The Milei administration hopes the bill’s approval will signal to investors that Milei is able to pass business-friendly reforms by working with an opposition he’s long berated as a “political caste.”
“It’s vital,” said Malcolm Dorson, senior portfolio manager at Global X, an exchange-traded fund provider in New York that has about $318 million invested in Argentina. “What is being tested is his ability to negotiate and form alliances with other parties.”
Any economic recovery will also eventually require lifting a complicated system of currency controls enacted by the previous, left-wing administration.
While those controls discourage investments, authorities say they can’t lift them yet as they lack reserves to meet demand for dollars.
“They know that by removing controls, it would unleash this huge pent-up demand for dollars,” said Sergi Lanau, who closely tracks Argentina at Oxford Economics, a London-based consulting firm. “He just can’t do it.”
Officials have said they need another $15 billion in reserves to lift the controls. Some of those funds could come from the country’s upcoming harvest of soybeans, a top export earner.
But economists say Argentina will likely need to go back to the IMF for fresh funds, which could be a hard sell after receiving a massive bailout a few years ago. Argentina now owes about $44 billion to the IMF stemming from its 2018 currency crisis.
Milei still has the support of a majority of Argentines, polls show, but confidence in the government has begun to erode as people grapple with the recession.
Carolina Segovia used to receive food for her soup kitchen from the now closed Ministry of Social Development, whose headquarters was in a building with a mural of Evita Peron, the 1950s-era first lady whose social spending defined decades of Peronist policies.
Now, Segovia sells used clothing to buy food. For a T-shirt, she can get about 50 cents. A jacket is around $5. Jeans cost $2. If she sells enough, she can buy a couple bags of potatoes and some condiments.
“While there was hunger before, there is more now,” she said.

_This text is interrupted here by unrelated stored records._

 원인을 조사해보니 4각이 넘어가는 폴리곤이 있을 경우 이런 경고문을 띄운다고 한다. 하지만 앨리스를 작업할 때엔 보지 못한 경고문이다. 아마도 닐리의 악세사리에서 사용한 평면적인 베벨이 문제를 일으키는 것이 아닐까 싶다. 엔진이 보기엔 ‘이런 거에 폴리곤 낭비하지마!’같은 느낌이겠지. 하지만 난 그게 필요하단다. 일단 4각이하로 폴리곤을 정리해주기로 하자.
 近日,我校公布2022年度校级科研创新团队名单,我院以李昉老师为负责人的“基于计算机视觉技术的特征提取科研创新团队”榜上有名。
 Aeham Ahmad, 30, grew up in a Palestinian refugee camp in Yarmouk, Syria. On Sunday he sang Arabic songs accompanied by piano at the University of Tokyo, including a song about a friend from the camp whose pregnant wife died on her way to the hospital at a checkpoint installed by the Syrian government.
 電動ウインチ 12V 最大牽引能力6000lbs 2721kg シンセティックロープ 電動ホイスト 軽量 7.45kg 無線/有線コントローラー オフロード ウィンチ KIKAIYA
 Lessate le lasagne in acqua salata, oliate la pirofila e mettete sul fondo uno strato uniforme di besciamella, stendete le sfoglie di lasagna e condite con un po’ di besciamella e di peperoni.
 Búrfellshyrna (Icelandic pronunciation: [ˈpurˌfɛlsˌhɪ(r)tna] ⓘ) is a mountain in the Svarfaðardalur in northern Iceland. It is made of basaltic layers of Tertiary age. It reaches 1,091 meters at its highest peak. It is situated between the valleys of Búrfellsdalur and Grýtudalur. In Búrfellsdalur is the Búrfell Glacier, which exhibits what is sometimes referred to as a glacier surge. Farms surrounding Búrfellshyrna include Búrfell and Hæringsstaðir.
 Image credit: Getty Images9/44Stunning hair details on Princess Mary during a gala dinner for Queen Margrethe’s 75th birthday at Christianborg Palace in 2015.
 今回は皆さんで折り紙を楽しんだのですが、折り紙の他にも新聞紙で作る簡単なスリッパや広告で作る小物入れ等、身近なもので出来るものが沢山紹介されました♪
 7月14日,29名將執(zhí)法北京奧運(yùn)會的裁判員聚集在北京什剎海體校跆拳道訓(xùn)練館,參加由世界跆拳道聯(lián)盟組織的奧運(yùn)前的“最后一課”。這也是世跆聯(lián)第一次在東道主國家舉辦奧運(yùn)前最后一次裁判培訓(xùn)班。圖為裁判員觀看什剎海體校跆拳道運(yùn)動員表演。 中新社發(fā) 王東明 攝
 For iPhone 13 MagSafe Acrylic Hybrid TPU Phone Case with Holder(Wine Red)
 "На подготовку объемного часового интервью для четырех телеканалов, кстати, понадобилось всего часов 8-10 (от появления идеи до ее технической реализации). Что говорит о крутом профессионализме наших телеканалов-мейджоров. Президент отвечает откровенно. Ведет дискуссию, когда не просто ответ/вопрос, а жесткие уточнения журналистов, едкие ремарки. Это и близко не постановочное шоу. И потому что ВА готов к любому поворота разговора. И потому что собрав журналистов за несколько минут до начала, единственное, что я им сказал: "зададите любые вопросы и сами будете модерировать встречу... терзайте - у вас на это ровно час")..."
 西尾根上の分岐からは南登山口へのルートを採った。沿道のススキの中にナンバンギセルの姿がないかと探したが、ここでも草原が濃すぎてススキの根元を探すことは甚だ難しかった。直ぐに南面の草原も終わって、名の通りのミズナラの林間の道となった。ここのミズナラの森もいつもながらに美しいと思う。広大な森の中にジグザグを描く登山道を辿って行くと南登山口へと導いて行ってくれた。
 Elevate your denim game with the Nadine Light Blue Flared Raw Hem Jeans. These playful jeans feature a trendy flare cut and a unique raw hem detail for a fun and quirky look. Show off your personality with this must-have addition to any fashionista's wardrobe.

Even some of Milei’s supporters are growing weary.
Gabriel Pellizzon, the mayor of Los Surgentes, a town in the conservative agricultural heartland of Córdoba, said most people there still back Milei’s changes even as they struggle to pay higher utility bills. Locals, he said, now eat chicken burgers instead of the more expensive beef patties.
But he wants the government to eliminate taxes on soybean exports, a key source of state revenue that farmers have long said stifles their output. He also wouldn’t mind if Milei eases up on all the spending cuts.
“Society still backs him,” said Pellizzon. “But I’d tell him to stop a little bit, because people are dying of hunger.”
Milei said his measures will soon pay off for a country rich in farming, natural gas and minerals like lithium.
“You want to know how the economy is going to grow?” he said in another recent speech. “It’s going to go up like a scuba diver’s fart.”